→ **Raw data**:

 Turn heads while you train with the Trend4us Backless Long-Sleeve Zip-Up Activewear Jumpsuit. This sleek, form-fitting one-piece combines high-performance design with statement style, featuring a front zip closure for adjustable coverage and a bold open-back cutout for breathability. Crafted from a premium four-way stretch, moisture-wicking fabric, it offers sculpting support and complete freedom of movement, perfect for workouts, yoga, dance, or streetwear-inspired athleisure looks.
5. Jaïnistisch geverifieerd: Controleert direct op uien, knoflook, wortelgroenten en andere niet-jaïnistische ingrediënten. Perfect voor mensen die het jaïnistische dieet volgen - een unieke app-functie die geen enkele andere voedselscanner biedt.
==
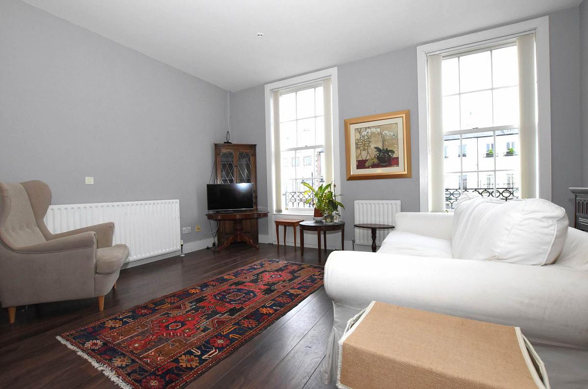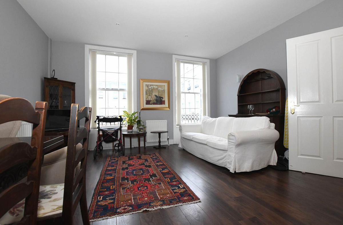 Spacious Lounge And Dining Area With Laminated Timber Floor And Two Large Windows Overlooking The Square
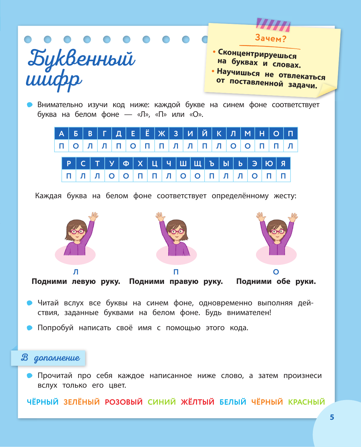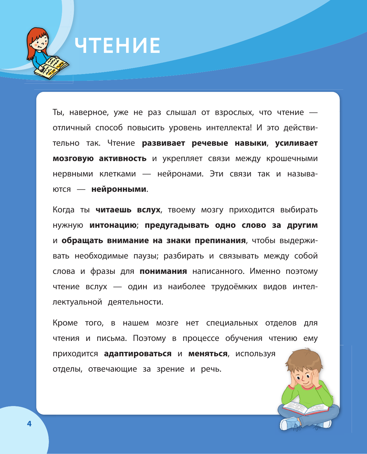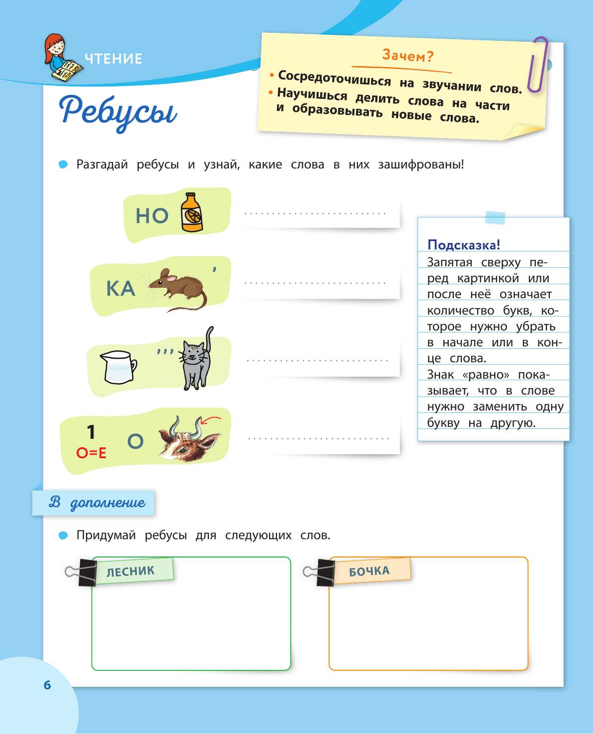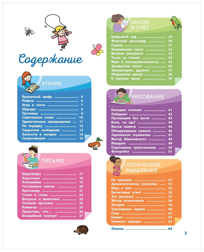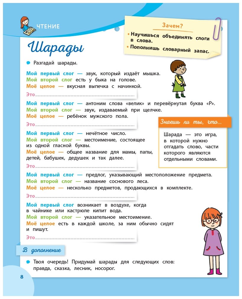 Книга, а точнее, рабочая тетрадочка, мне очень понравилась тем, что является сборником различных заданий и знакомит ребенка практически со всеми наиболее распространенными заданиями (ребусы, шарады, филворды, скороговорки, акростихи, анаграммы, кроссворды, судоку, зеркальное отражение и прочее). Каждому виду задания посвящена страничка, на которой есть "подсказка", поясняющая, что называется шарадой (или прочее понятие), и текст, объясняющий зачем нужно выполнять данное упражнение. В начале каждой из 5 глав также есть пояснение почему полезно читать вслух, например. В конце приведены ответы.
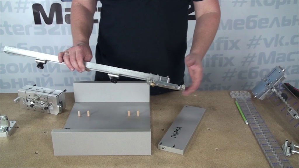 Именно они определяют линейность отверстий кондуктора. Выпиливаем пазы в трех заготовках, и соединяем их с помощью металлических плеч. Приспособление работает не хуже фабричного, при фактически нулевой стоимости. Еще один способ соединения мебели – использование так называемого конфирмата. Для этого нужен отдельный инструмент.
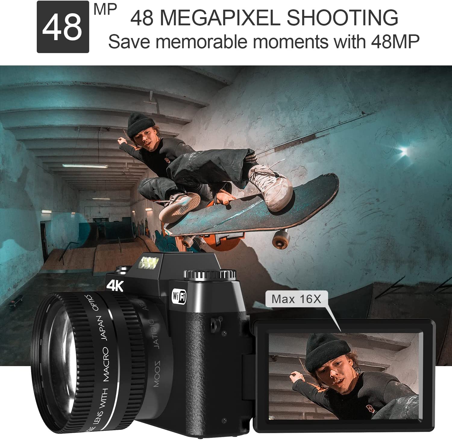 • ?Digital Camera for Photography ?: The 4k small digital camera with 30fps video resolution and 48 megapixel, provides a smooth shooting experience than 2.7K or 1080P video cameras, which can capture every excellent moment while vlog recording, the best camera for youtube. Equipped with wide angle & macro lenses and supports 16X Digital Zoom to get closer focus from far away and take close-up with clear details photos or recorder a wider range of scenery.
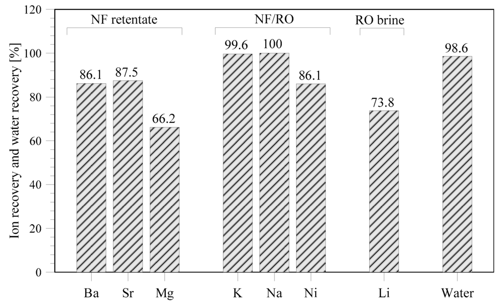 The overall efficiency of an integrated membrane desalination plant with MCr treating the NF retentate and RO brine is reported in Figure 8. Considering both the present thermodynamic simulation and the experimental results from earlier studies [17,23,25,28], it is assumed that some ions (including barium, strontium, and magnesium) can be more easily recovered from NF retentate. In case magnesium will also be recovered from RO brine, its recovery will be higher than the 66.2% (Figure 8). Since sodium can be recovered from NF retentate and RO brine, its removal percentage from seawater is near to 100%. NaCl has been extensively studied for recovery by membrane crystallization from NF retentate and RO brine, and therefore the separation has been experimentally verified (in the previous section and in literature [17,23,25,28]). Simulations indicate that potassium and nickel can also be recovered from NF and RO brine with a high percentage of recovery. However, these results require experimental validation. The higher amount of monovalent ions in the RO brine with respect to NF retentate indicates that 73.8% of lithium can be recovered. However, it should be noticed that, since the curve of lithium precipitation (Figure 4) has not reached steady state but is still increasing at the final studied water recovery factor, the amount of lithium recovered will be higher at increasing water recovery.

→ **Prompt**:
Start at the line containing "Именно они определяют" above and stop at the line containing "range of scenery.". Output those lines exactly, both included, but none of the pictures.

→ **Exercise result**:
 Именно они определяют линейность отверстий кондуктора. Выпиливаем пазы в трех заготовках, и соединяем их с помощью металлических плеч. Приспособление работает не хуже фабричного, при фактически нулевой стоимости. Еще один способ соединения мебели – использование так называемого конфирмата. Для этого нужен отдельный инструмент.
 • ?Digital Camera for Photography ?: The 4k small digital camera with 30fps video resolution and 48 megapixel, provides a smooth shooting experience than 2.7K or 1080P video cameras, which can capture every excellent moment while vlog recording, the best camera for youtube. Equipped with wide angle & macro lenses and supports 16X Digital Zoom to get closer focus from far away and take close-up with clear details photos or recorder a wider range of scenery.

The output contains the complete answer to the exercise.